## What you need to do
Output every record verbatim, and omit each picture.

## Records for the exercise
══════

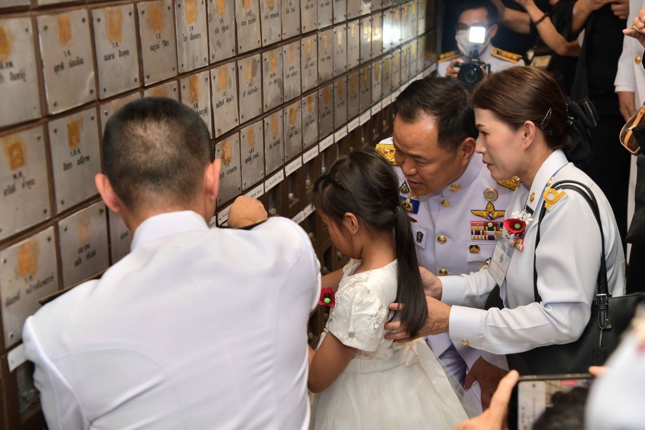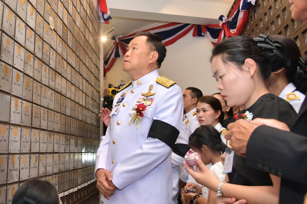 สำหรับการบรรจุอัฐิ จะเรียงตามตัวอักษรพยัญชนะไทย จำนวน 41 นาย ส่วนอีก 1 นาย ซึ่งนับถือศาสนาอิสลาม ไม่ได้มีการบรรจุอัฐิ แต่มีการติดชื่อร่วมกับทหารนายอื่น โดยนายอนุทิน ยังได้ทักทายญาติทหารผู้เสียชีวิต และทหารผ่านศึก ซึ่งมีทหารผ่านศึกบางคนขอบคุณนายอนุทิน ที่ดูแลชายแดนไทย-กัมพูชาอย่างเต็มที่ และอวยพรให้เป็นนายกรัฐมนตรีอีกสมัย ช่วงหนึ่งนายอนุทินได้พบกับ “น้องมีสุข” ลูกสาวคนโตของ “จ่าเพียว” พล.ต.ศตวรรษ สุจริต วีรบุรุษทหารกล้า โดยนายกรัฐมนตรีได้บอกว่า “คิดถึงตลอด เดี๋ยวลุงจะไปหาที่จังหวัดร้อยเอ็ด” จากนั้นน้องมีสุข ได้เดินไปส่งนายกรัฐมนตรีขึ้นรถ ซึ่งนายกรัฐมนตรีได้สวมกอดพร้อมบอกว่า “เดี๋ยวจะไปหาที่ร้อยเอ็ด จำได้หรือไม่”
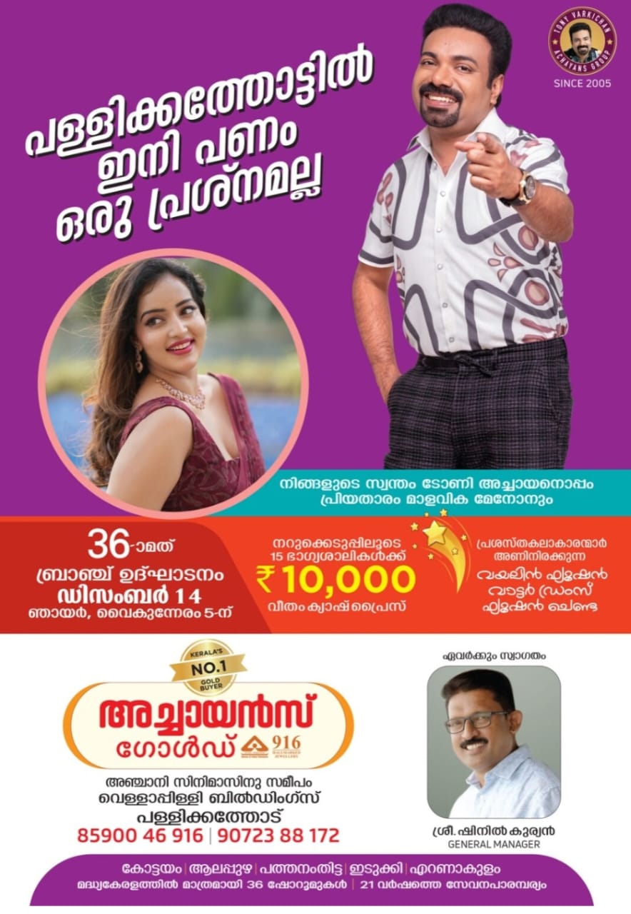 അച്ചായൻസ് ഗോൾഡിൻ്റെ 36-ാമത്തെ ഷോറൂം പള്ളിക്കത്തോട് അഞ്ചാനി സിനിമാസിന് സമീപം വെള്ളാപള്ളി ബിൽഡിംഗ്സിൽ ഡിസംബർ 14 ഞായറാഴ്ച വൈകുന്നേരം 4 മണി മുതൽ പ്രവർത്തനം ആരംഭിക്കുകയാണ്.
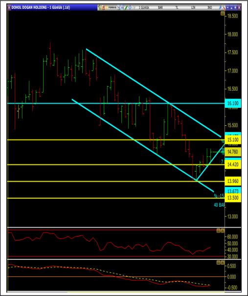 • Hisse oluşturduğu kısa vadeli trend eşliğinde hareketine devam eder ise 15.10 seviyesi ilk direnç olmak üzere sırasıyla; 15.60 ve 16.10 seviyeleri hedeflenebilir.
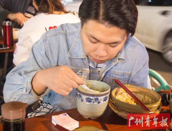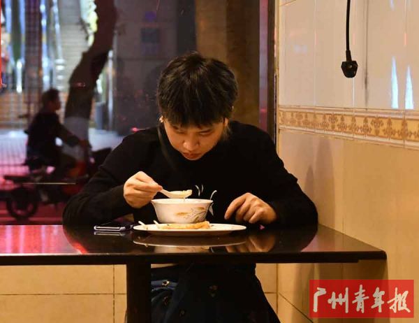 夜里,柯柯正在荔湾区的一家老字号喝艇仔粥。他说,自己每天除了画画就是跑出来吃好吃的,“我把广州所有好吃的地方几乎都跑了一遍。”平日里,他还很喜欢到海珠区的一家潮汕餐馆吃饭。他觉得那里的潮汕菜很正宗,每次吃的时候都有一种回到家乡的感觉,有属于家乡的味道。
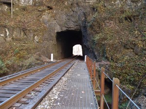 If you’d like to see a great video taken from a locomotive of a trip through this tunnel:

══════

## Output below
 สำหรับการบรรจุอัฐิ จะเรียงตามตัวอักษรพยัญชนะไทย จำนวน 41 นาย ส่วนอีก 1 นาย ซึ่งนับถือศาสนาอิสลาม ไม่ได้มีการบรรจุอัฐิ แต่มีการติดชื่อร่วมกับทหารนายอื่น โดยนายอนุทิน ยังได้ทักทายญาติทหารผู้เสียชีวิต และทหารผ่านศึก ซึ่งมีทหารผ่านศึกบางคนขอบคุณนายอนุทิน ที่ดูแลชายแดนไทย-กัมพูชาอย่างเต็มที่ และอวยพรให้เป็นนายกรัฐมนตรีอีกสมัย ช่วงหนึ่งนายอนุทินได้พบกับ “น้องมีสุข” ลูกสาวคนโตของ “จ่าเพียว” พล.ต.ศตวรรษ สุจริต วีรบุรุษทหารกล้า โดยนายกรัฐมนตรีได้บอกว่า “คิดถึงตลอด เดี๋ยวลุงจะไปหาที่จังหวัดร้อยเอ็ด” จากนั้นน้องมีสุข ได้เดินไปส่งนายกรัฐมนตรีขึ้นรถ ซึ่งนายกรัฐมนตรีได้สวมกอดพร้อมบอกว่า “เดี๋ยวจะไปหาที่ร้อยเอ็ด จำได้หรือไม่”
 അച്ചായൻസ് ഗോൾഡിൻ്റെ 36-ാമത്തെ ഷോറൂം പള്ളിക്കത്തോട് അഞ്ചാനി സിനിമാസിന് സമീപം വെള്ളാപള്ളി ബിൽഡിംഗ്സിൽ ഡിസംബർ 14 ഞായറാഴ്ച വൈകുന്നേരം 4 മണി മുതൽ പ്രവർത്തനം ആരംഭിക്കുകയാണ്.
 • Hisse oluşturduğu kısa vadeli trend eşliğinde hareketine devam eder ise 15.10 seviyesi ilk direnç olmak üzere sırasıyla; 15.60 ve 16.10 seviyeleri hedeflenebilir.
 夜里,柯柯正在荔湾区的一家老字号喝艇仔粥。他说,自己每天除了画画就是跑出来吃好吃的,“我把广州所有好吃的地方几乎都跑了一遍。”平日里,他还很喜欢到海珠区的一家潮汕餐馆吃饭。他觉得那里的潮汕菜很正宗,每次吃的时候都有一种回到家乡的感觉,有属于家乡的味道。
 If you’d like to see a great video taken from a locomotive of a trip through this tunnel:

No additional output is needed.